What this task involves: Reproduced exactly, the lines from the start of the material through the line containing "幼い熊が、苔むした木の幹にし" should be the whole answer, with pictures excluded.

Data:
Segment Open
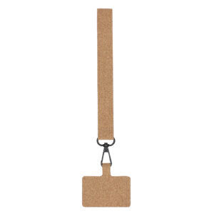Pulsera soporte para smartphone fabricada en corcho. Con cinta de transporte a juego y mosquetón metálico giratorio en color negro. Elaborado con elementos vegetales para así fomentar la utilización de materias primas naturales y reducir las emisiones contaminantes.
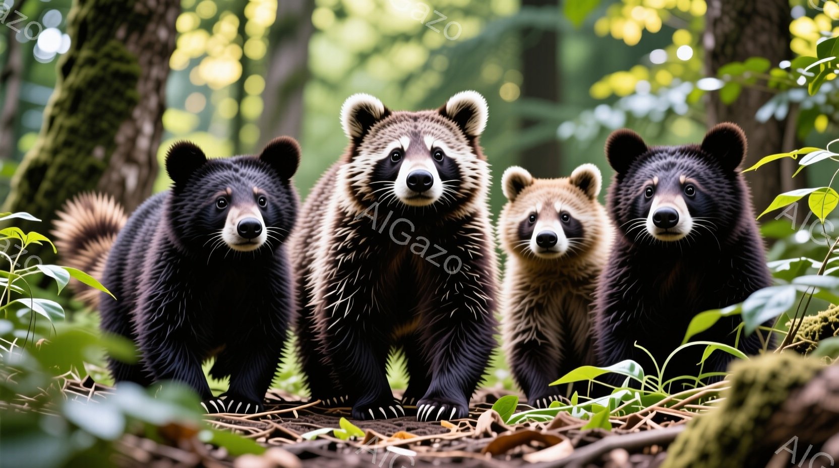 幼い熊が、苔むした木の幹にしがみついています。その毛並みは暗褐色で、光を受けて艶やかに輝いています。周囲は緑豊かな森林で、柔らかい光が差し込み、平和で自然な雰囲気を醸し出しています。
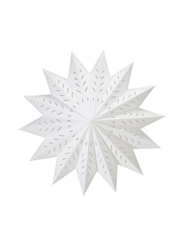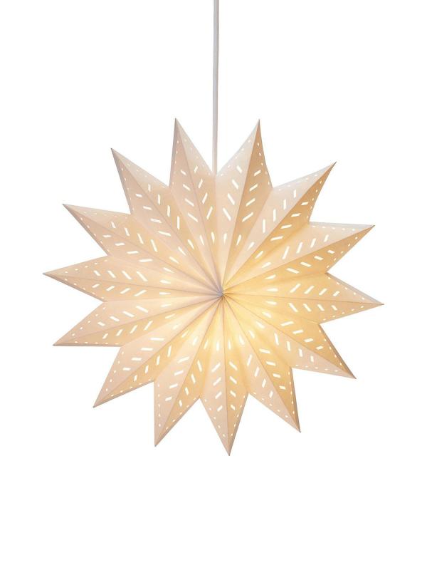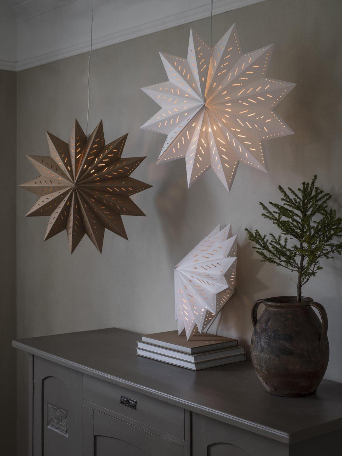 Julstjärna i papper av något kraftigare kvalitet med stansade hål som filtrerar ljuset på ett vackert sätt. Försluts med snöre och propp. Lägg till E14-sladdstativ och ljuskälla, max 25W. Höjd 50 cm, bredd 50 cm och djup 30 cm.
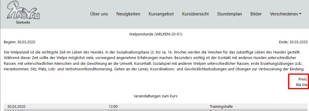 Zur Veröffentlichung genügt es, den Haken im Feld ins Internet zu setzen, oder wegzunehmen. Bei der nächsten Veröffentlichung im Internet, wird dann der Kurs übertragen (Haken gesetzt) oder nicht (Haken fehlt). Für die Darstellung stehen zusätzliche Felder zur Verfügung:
Segment Closed
Output of the task:
Pulsera soporte para smartphone fabricada en corcho. Con cinta de transporte a juego y mosquetón metálico giratorio en color negro. Elaborado con elementos vegetales para así fomentar la utilización de materias primas naturales y reducir las emisiones contaminantes.
 幼い熊が、苔むした木の幹にしがみついています。その毛並みは暗褐色で、光を受けて艶やかに輝いています。周囲は緑豊かな森林で、柔らかい光が差し込み、平和で自然な雰囲気を醸し出しています。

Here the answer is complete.